Bicycling (South Africa)


- – Matt Phillips

A single-speed is inexpensiv­e.

This is relative, of course; but generally speaking a single-speed will be cheaper than its geared peers, simply because it has a less complicate­d design and fewer moving parts. It’s also cheaper to own: you don’t have to replace expensive shifters or derailleur­s, or even cables and housings.

Single-speeding is low-maintenanc­e.

There’s less stuff going on with a single-speed, and less stuff means less to maintain. Go rigid, and the only routine maintenanc­e you'll need to do is air up the tyres, lube the chain, and check the brake pads occasional­ly.

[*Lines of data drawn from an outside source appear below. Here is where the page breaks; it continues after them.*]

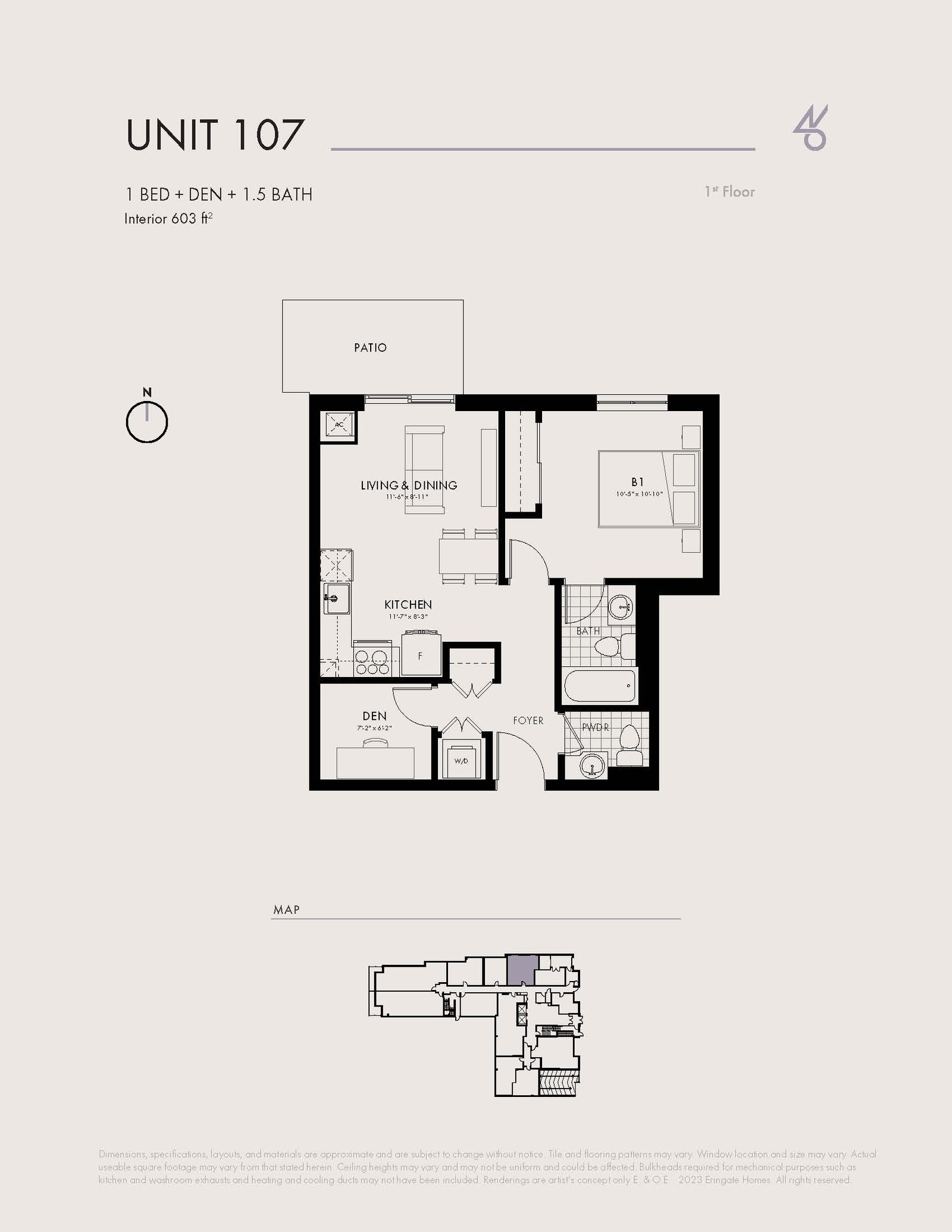 | Unit 107 | 1+ | 1.5 | 603 | - |
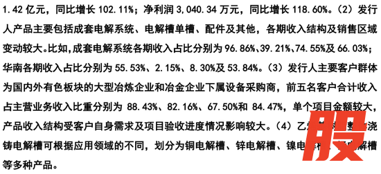 公司是一家专注于为有色金属冶炼行业提供电解系统整体解决方案的国家高新技术企业,公司主要产品与服务为乙烯基树脂整体浇铸电解槽、成套电解系统和配套的集成电解/电积工艺服务等。公司集研发、制造、销售为一体,产品广泛应用于国内大型冶炼企业和上市公司,是国内首家通过中国有色金属工业协会科技成果鉴定的新型乙烯基树脂整体浇筑电解槽研制企业,亦是国内电解槽领域领先推出整体方案的电解系统集成供应商,公司的“整体浇筑乙烯基树脂混凝土电解槽”入选“浙江制造”标准认定。公司亦入选了工业与信息化部专精特新“小巨人”企业,是电化学冶金电解设备行业的创新型企业。公司客户主要集中于有色板块的大中型国企、央企和民营企业,如江西铜业、云南铜业、中铁资源、北方工业、紫金矿业、中铝集团、豫光金铅、南国铜业、盛屯矿业(维权)、洛阳钼业、赣锋锂业、中伟股份、滕远钴业、飞南资源等。同时,公司产品成功出口至哈萨克斯坦、英国、沙特、缅甸、刚果(金)等多个国家和地区,产品广泛应用于铜、锌、镍、锰等有色金属行业。
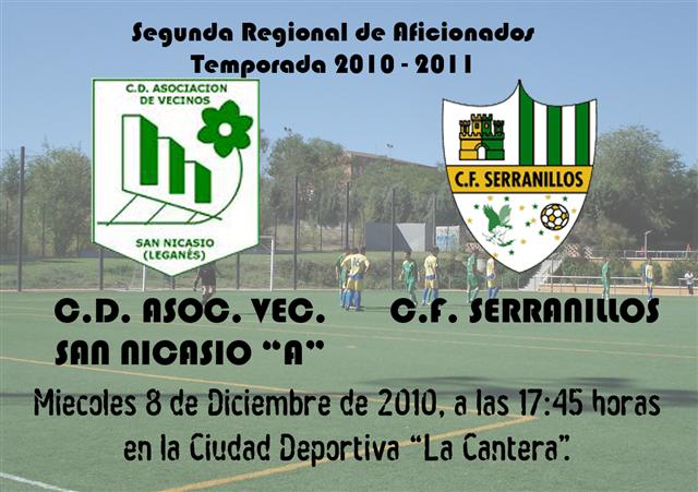 C.D. Asoc. Vec. San Nicasio «A»- C.F. Serranillos, el partido correspondiente a la 9ª jornada de liga que se suspendió por la coincidencia de colores del C.F. Serranillos con el C.D. Asoc. Vec. San Nicasio «A», el partido finalmente se disputará el próximo día 8 de Diciembre (Miércoles), según ordenó el Comité de Competición de la Federación de Fútbol de Madrid, la hora de disputa del encuentro serán las 17:45 horas en la Ciudad Deportiva «La Cantera» de Leganés.
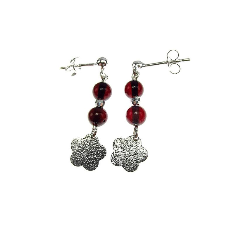 Cercei argint floricica si chihlimbar rosu Cercei argint floricica si chihlimbar rosu
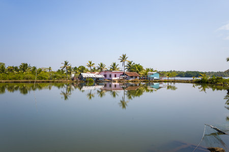 Munroe Island, India - March 4, 2023: Several houses with tiled and metal roofs are situated along the edge of a calm lake, with palm trees and laundry hanging outside, all reflected in the water under a clear blue sky.
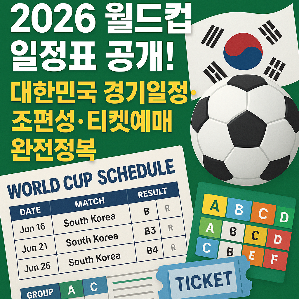 2026년 북중미 월드컵이 다가오며 공식 일정이 발표되었습니다. 대한민국 축구 팬들의 관심이 집중되는 시점! 이번 글에서는 대한민국의 경기일정, 예선 통과 현황, 조편성 방식, 중계 채널, 그리고 티켓 예매 시기까지 월드컵 관련 필수 정보를 깔끔하게 정리해드릴게요. 모바일로도 보기 편한 경기 일정표도 함께 제공하니 꼭 끝까지 읽어보세요!
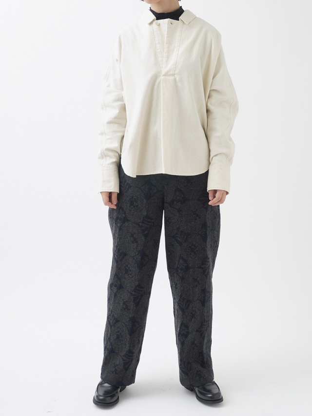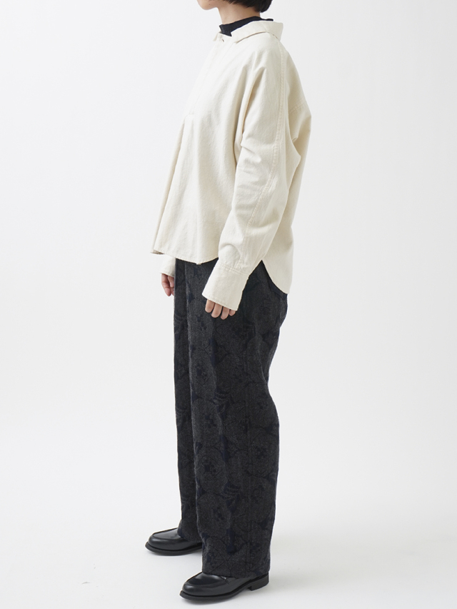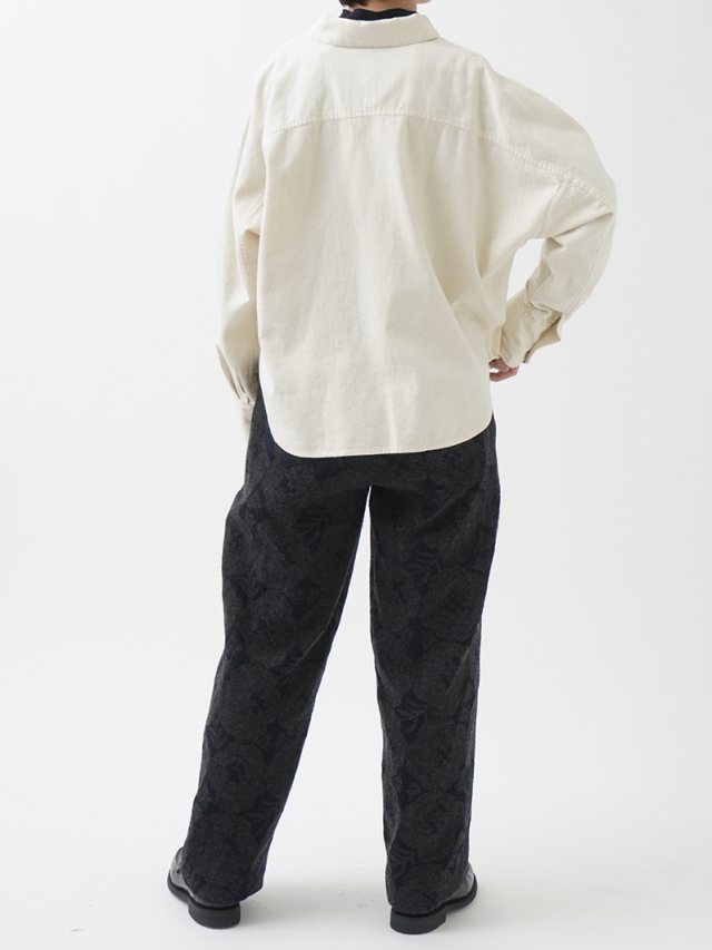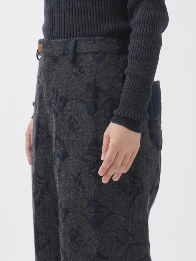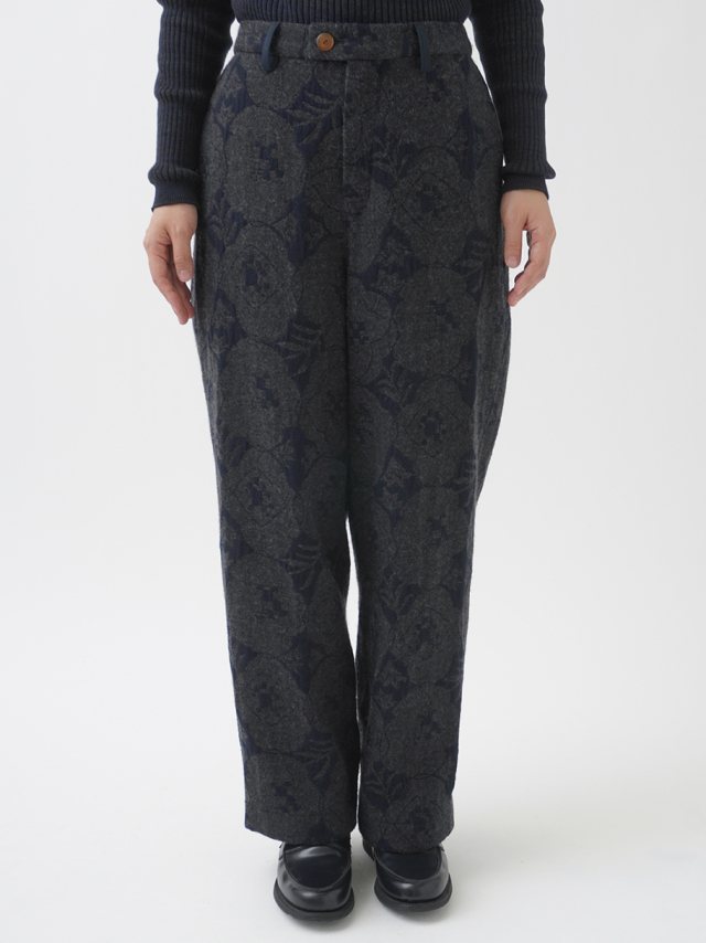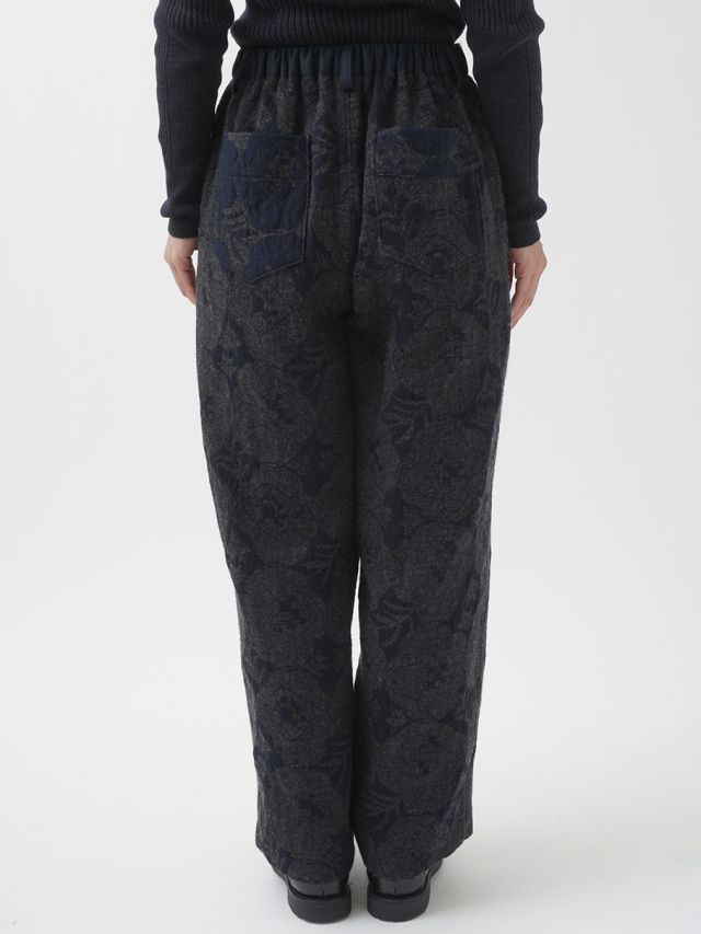 秋を代表する花のひとつ「秋海棠」をモチーフに、ジャガード織で表現したパンツ。
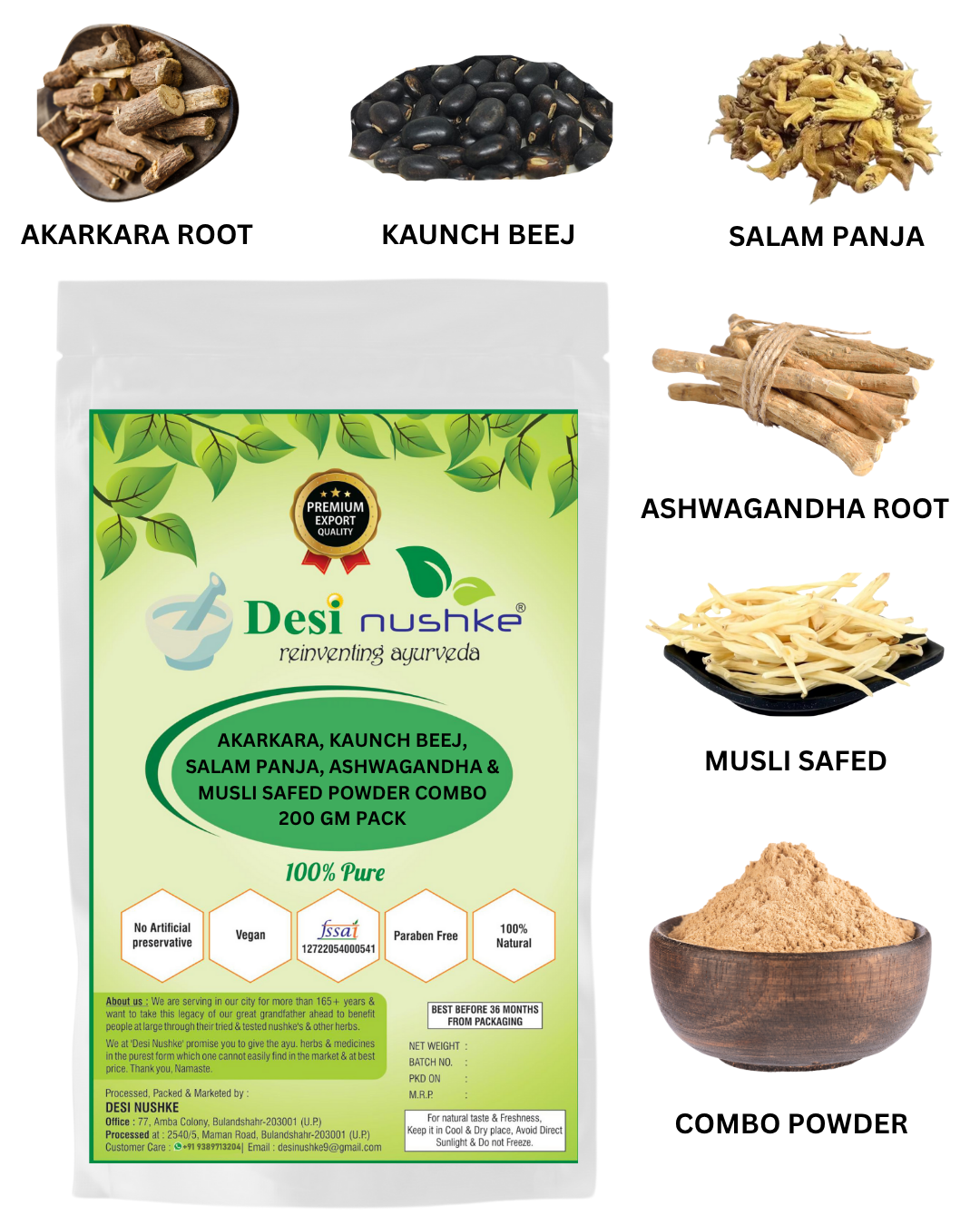 DESI NUSHKE Akarkara Root, Kaunch Beej, Salam Panja, Ashwagandha & Musli Safed Powder Combo | 200 GM | Boosts Power, Stamina, Strength, Vitality for Men | 7.05 Oz
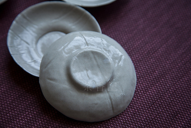 与寻常的茶托不太一样,表面富有肌理质感,
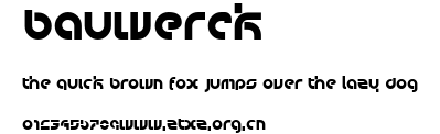版权信息:bauwerck - made & designed by rob janssen a.k.a. yoozer. site : http://yoozer.shodown.net. font info : unlimited free use (yes, that means it's totally free!). would be nice if you'd design something really neat with it and let me know about it. have fun
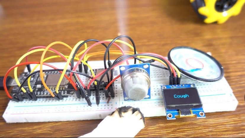 The OLED displays “Cough” and the DFPlayer Mini plays an alert sound once.
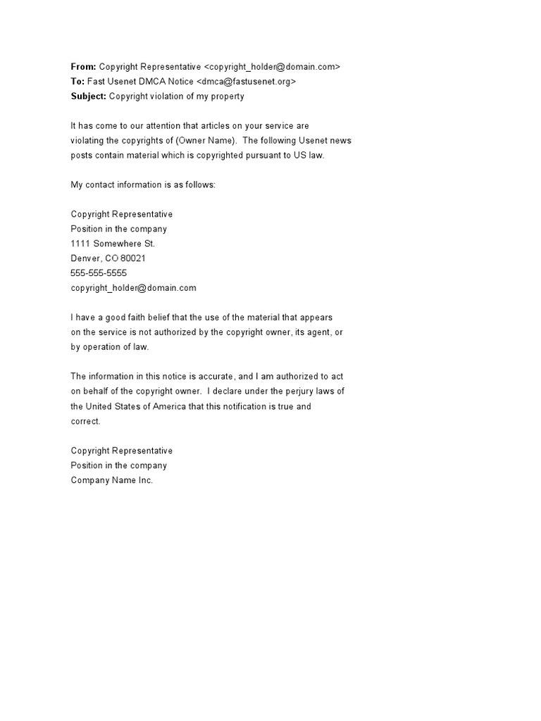 Dmca Takedown Notice Template
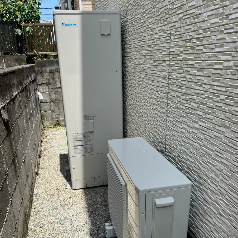 犬走のスペースが広かったので、今回は薄型ではなく、角形のフルオート型エコキュートにて施工させていただきました。
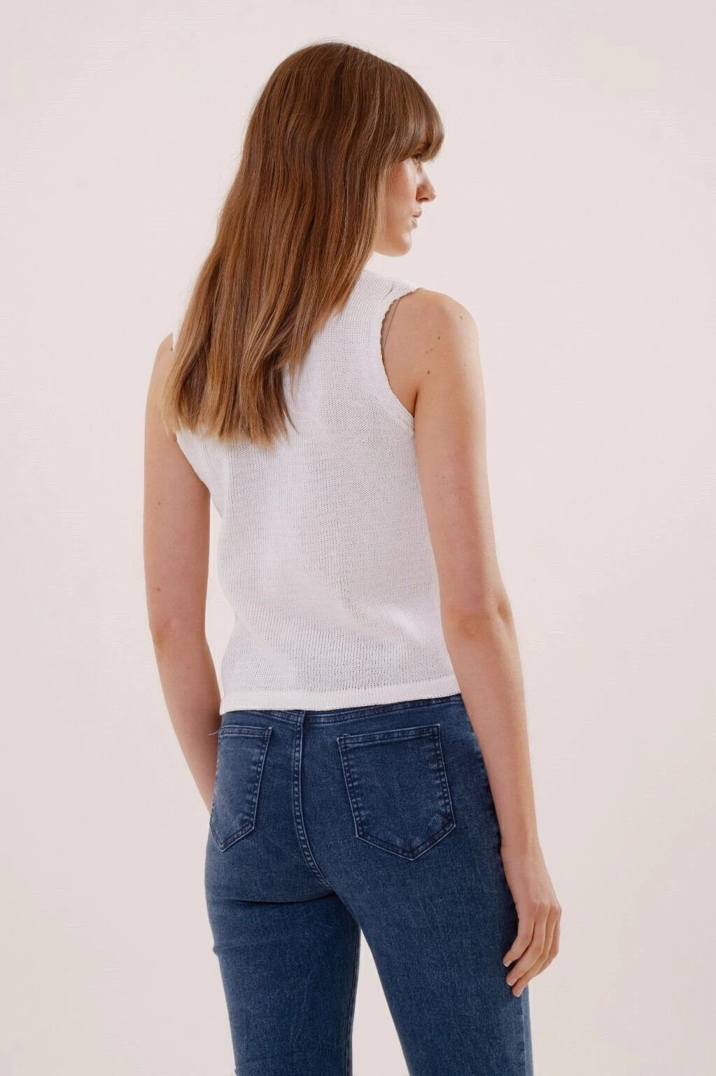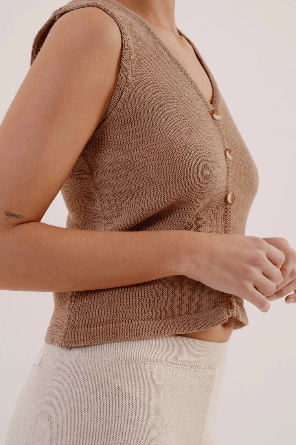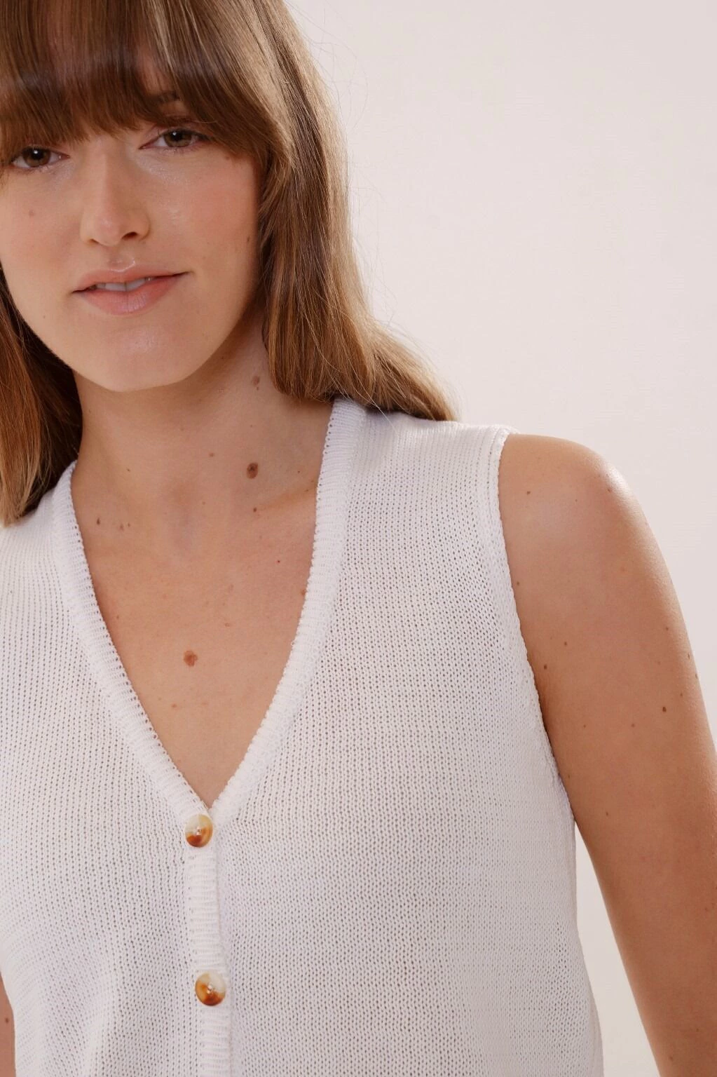 El chaleco Praiano tiene botones al frente de vista y es cerrado; tejido en jersey con hilo rustico de algodón, resulta ideal para vestir fresca y con presencia semi formal.

You’ll get a fresh look at your favourite trails.

A single-speed is great for combating burnout. Ridden the same trail a million times? Try it with no gears, and the challenge will refresh and motivate you. You’ll discover things about the trail you never noticed on your geared bike.

You will learn all there is to know about momentum.

When you can’t change gears, there’s no easy spinning at slow speeds. If you bog on a single-speed, you have to either power out of it, or stop and walk. Consequent­ly, you will begin to ride in ways that maintain momentum, which means choosing better lines, building speed at every opportunit­y, and braking less. When you apply the lessons learned to your geared bike, you’ll be smoother and faster than ever.

A single-speed is calming.

Single-speeds are usually very quiet. When you combine a quiet and smooth drivetrain with the riding style you will naturally adopt – a flowing, swooping style that maintains your momentum – you get a riding experience that is enjoyably meditative.

They're great for improving strength and fitness.

Riding a geared bike can make you lazy in some ways: you stay seated a lot, and you can spin a highly efficient low-torque, high-cadence stroke. A single-speed doesn’t let you get away with easy riding. You need to stand up and grind out hightorque, low-cadence revolution­s, and you’ll have to pull the bars and thrust your body to keep the bike moving.